Records excerpted from a collection:
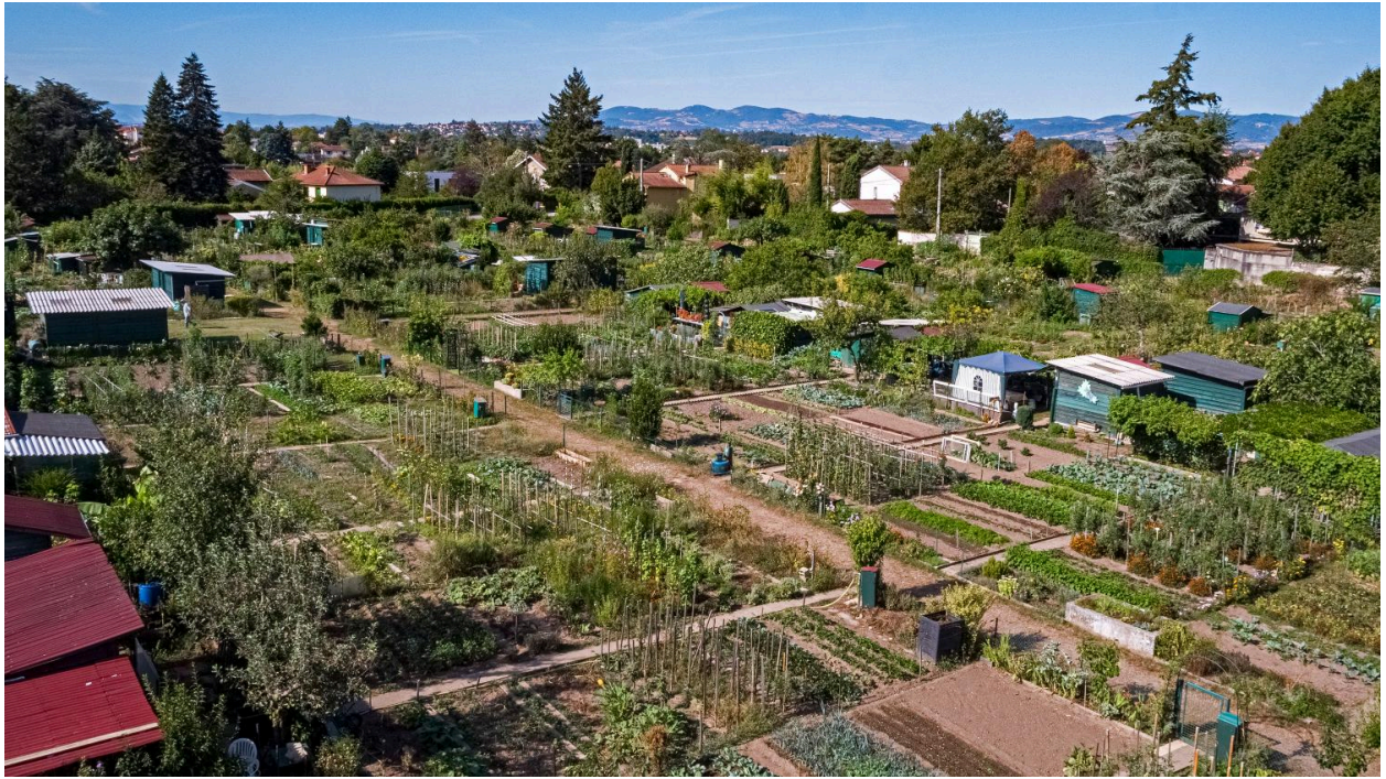
Vue d'ensemble des jardins ouvriers (drone)
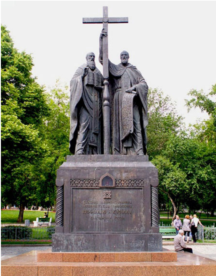
Памятник святым равноапостольным Кириллу и Мефодию, Славянская площадь, г. Москва

Самым главным приобретением русских от Византии стало Крещение – принятие Русью православной веры, основы византийской культуры. Приняв христианство от Константинополя, русские восприняли от греков не только церковные каноны и предписания, но и развили собственную богатейшую православную культуру и духовность.
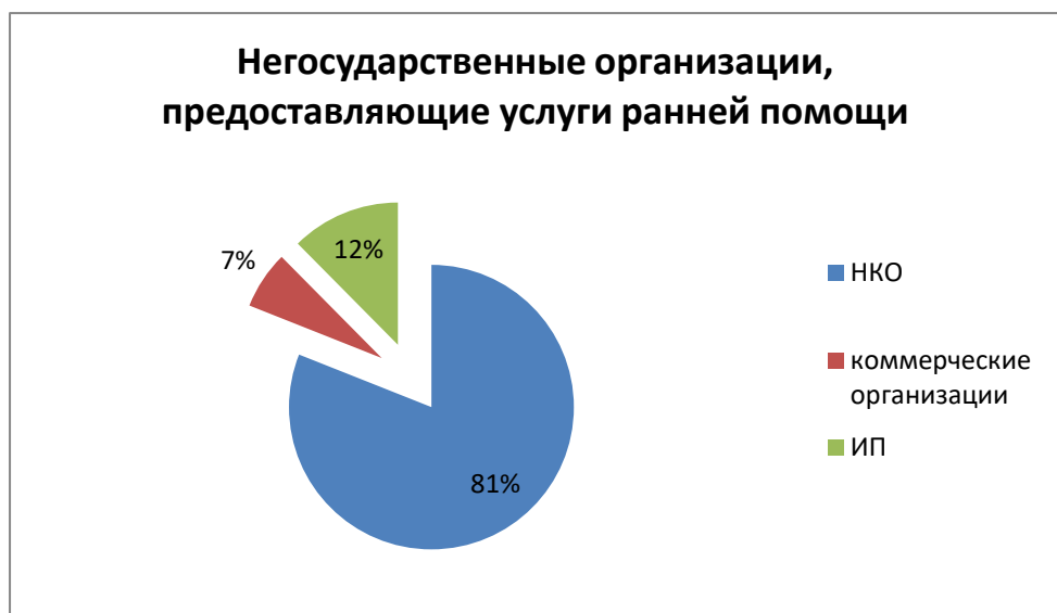
Рисунок 4. Негосударственные организации, предоставляющие услуги ранней помощи

Распределение негосударственных организаций, предоставляющих услуги ранней помощи показано на рисунке 4.
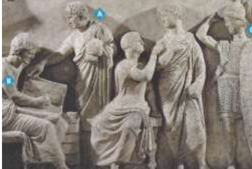
Bas relief, I er siècle avant J.-C., musée du Louvre, Paris.

Tous les cinq ans, deux magistrats, les censeurs, organisent le recensement des citoyens romains. Ces derniers sont répartis en cinq groupes selon leur fortune. Cette répartition sert de base pour le vote aux comices, le paiement de l'impôt et le service militaire (c). Un citoyen romain (A) déclare son état-civil à un greffier (B).
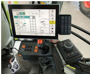
Digital joystick for ISO bus machines
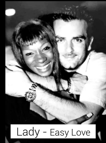
Lady - Easy Love
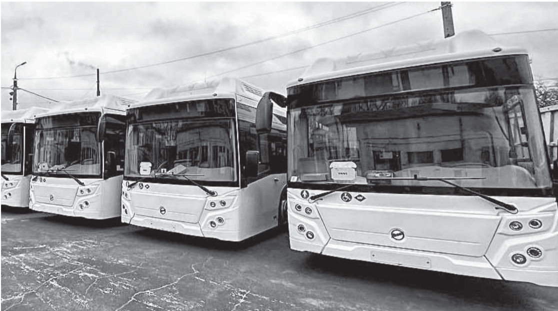
НОВЫЕ АВТОБУСЫ. ФОТО ПРЕСС-СЛУЖБЫ АДМИНИСТРАЦИИ ОРЛА

В минувшую пятницу мэр Орла Юрий Парахин обсудил с перевозчиками наболевшие проблемы транспортного обслуживания горожан, сообщили в пресс-службе городской администрации.
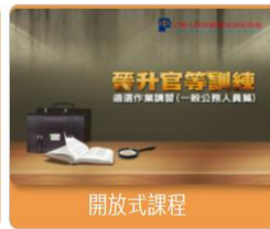
人事行政 晉升官等訓練選作業講習(一般公務人員篇)

### Work instruction
Retype every entry exactly as written, but omit the pictures.

### Answer below
Vue d'ensemble des jardins ouvriers (drone)
Памятник святым равноапостольным Кириллу и Мефодию, Славянская площадь, г. Москва

Самым главным приобретением русских от Византии стало Крещение – принятие Русью православной веры, основы византийской культуры. Приняв христианство от Константинополя, русские восприняли от греков не только церковные каноны и предписания, но и развили собственную богатейшую православную культуру и духовность.
Рисунок 4. Негосударственные организации, предоставляющие услуги ранней помощи

Распределение негосударственных организаций, предоставляющих услуги ранней помощи показано на рисунке 4.
Bas relief, I er siècle avant J.-C., musée du Louvre, Paris.

Tous les cinq ans, deux magistrats, les censeurs, organisent le recensement des citoyens romains. Ces derniers sont répartis en cinq groupes selon leur fortune. Cette répartition sert de base pour le vote aux comices, le paiement de l'impôt et le service militaire (c). Un citoyen romain (A) déclare son état-civil à un greffier (B).
Digital joystick for ISO bus machines
Lady - Easy Love
НОВЫЕ АВТОБУСЫ. ФОТО ПРЕСС-СЛУЖБЫ АДМИНИСТРАЦИИ ОРЛА

В минувшую пятницу мэр Орла Юрий Парахин обсудил с перевозчиками наболевшие проблемы транспортного обслуживания горожан, сообщили в пресс-службе городской администрации.
人事行政 晉升官等訓練選作業講習(一般公務人員篇)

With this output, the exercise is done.